Not excited? That's an understatement - it's the sort of thing that
gives me nightmares.

We've *been here before*. We've been telling application developer's
to use fsync/fdatasync() since the O_PONIES saga so we don't end up
back in that world of hurt. Yet here you are advocating that
application developers go back down the rat hole of relying on
implicit side effects of the design of a specific filesystem
configuration to provide them with data integrity guarantees....

> But if XFS is doing something sufficiently clever that
> sync_file_range() isn't going to do the right thing, and if we
> presume that abusive applications will always exist, then maybe
> it's time to consider implementing a new system call which has
> very well defined semantics,

That's fine - go and define the requirements for an
rename_datasync() syscall, write a bunch of xfstests to ensure the
API is usable and provides the required behaviour. Then do a slow
generic implementation that you wire all the filesystems up to so
it's available to everyone (i.e. no fs probing needed).
Applications can start using it immediately, knowing it will work on
every filesystem. i.e:

generic_rename_datasync()
{
vfs_fsync(src);
->rename()
}

At that point you can implement a fast, optimal implementation in
ext3/4 that nobody outside ext3/4 needs to care about how it works.
The BTRFS guys can optimise it appropriately in their own time, as
can us XFS people. But the most important point is that we start
with on implementation that *works everywhere*...
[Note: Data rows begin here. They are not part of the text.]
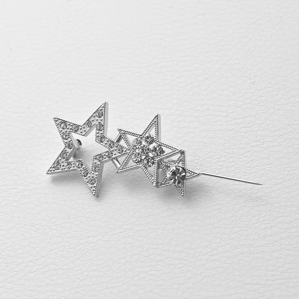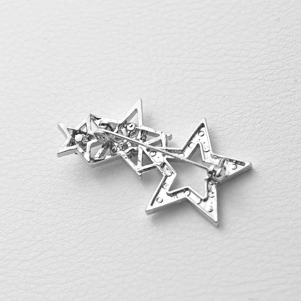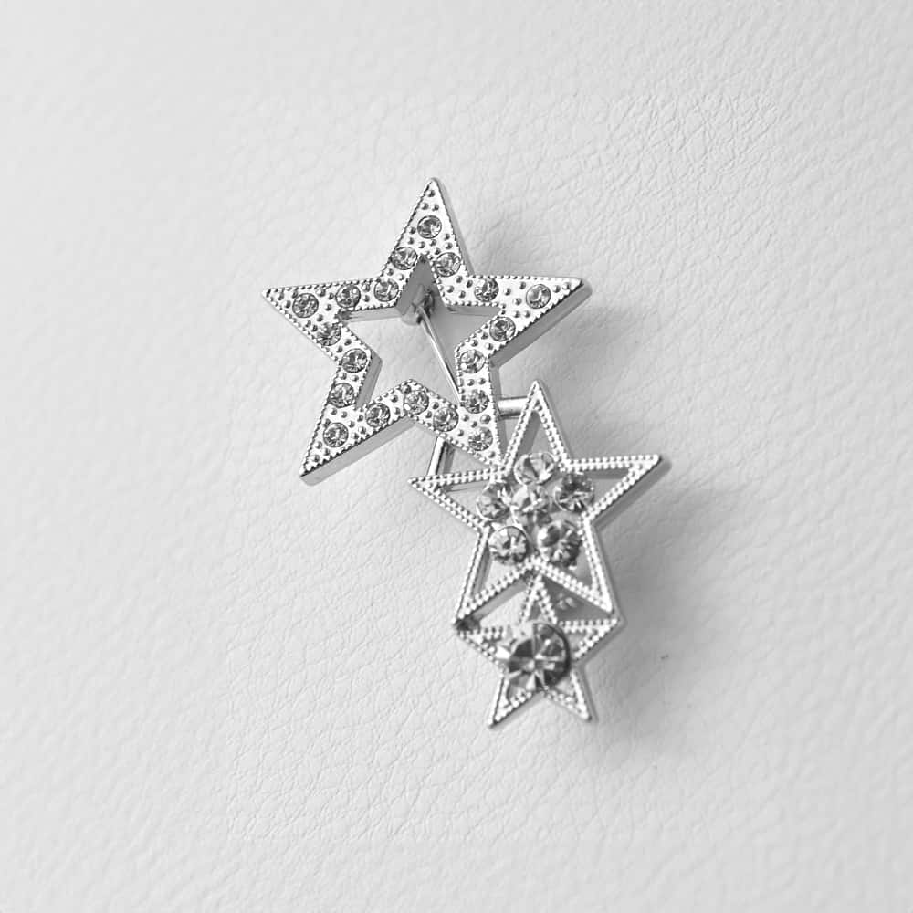 星だけどコドモっぽくならず、ストーンだけど古臭くならないその絶妙なさじ加減が素晴らしい、サラッと使える星型ブローチ◆11/13インスタライブご紹介商品◆アーカイブのご視聴はこちらから→【11/13ライブ】大きさの異なる星を並べた、透明ストーン入りのブローチ。それぞれの星はストーンの配置にも変化があり、さりげなく凝ったデザインになっています。キラキラ系のブローチは間違えると古臭い印象になりがちですが、星というカジュアルなモチーフや空間を利用した軽さの演出、変化を付けたストーン使いの総合効果で『これならオシャレ!』というデザインに。キレイめなコーデにもカジュアルな格好にも使える、絶妙なさじ加減が秀逸でとてもカワイイです。ブローチというとエレガントになってしまうデザインが多いなか、アソビの効いたカジュアルな印象を持つところがかなり珍しいタイプ。『マダムにならない今っぽさのあるブローチ』にこだわりご用意をした、当店お薦めのデザインになっています。【こちらのブローチは】ブローチの中では大きくも小さくもないタイプで、クセが無くサラッと使えるサイズ感。ニットなどのトップスにもさりげなく着けれてポイントにできる、使い勝手の良い大きさです。【SNS用ハッシュタグ】#236034threestarsブローチ(このハッシュタグでInstagramなどSNS内で検索をしますと、こちらをお持ちのお客様のご投稿があれば、簡単に見つけてご覧いただくことができます)
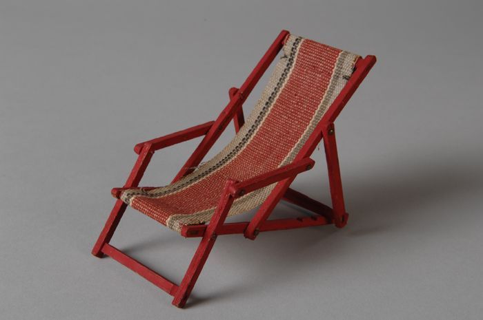 Rode opklapbare miniatuur strandstoel met gestreepte...
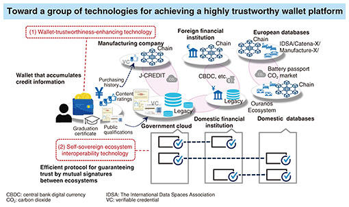 The first is multi-party computation (MPC)-type wallet-trustworthiness-enhancing technology that applies secret-sharing technology. The secure management of private keys required for the presentation, signing, etc. of digital credentials is an element directly related to the trustworthiness of a DIW. However, a system that concentrates such keys on a single terminal or server is vulnerable to unauthorized access, data loss, and other problems. We therefore implement a mechanism that enables users to assign trusted individuals or other devices in key reconfiguration. This mechanism incorporates a social-recovery function in addition to MPC technology that divides a private key into multiple distributed elements and executes a signature in a collaborative manner. It thus achieves both security and convenience. The other elemental technology is self-sovereign ecosystem interoperability technology to facilitate cooperation between ecosystems. In contrast to a single, globally centralized registry, we aim for a structure that would enable mutual authentication and trust building between ecosystems independently constructed by countries or industries. Such a structure would enable diverse stakeholders to participate across different ecosystems and lead to the formation of a decentralized and pluralistic trusted network. Through the above steps and elemental technologies, we seek to create a world of digital information in which authenticity can be guaranteed. Such a world would not simply be one of enhanced security. Our aim is to develop a next-generation Internet platform that substantially redefines what trust means in the information society and enables everyone and AI to safely and efficiently coexist.
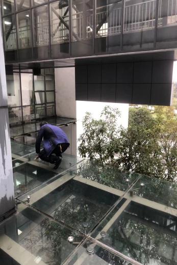 清洗楼宇大厅玻璃雨棚

> Personally, I think application programmers *shouldn't* need such
> a facility, if their applications are competently designed and
> implemented. But unfortunately, they outnumber us file system
> developers, and apparently many of them seem to want to do things
> their way, whether we like it or not.

And you're too afraid to call out someone when they are doing something
stupid. If you don't call them out, they'll keep doing stupid things
and the problems will never get solved.

Cheers,

Dave.
--
Dave Chinner
[email protected]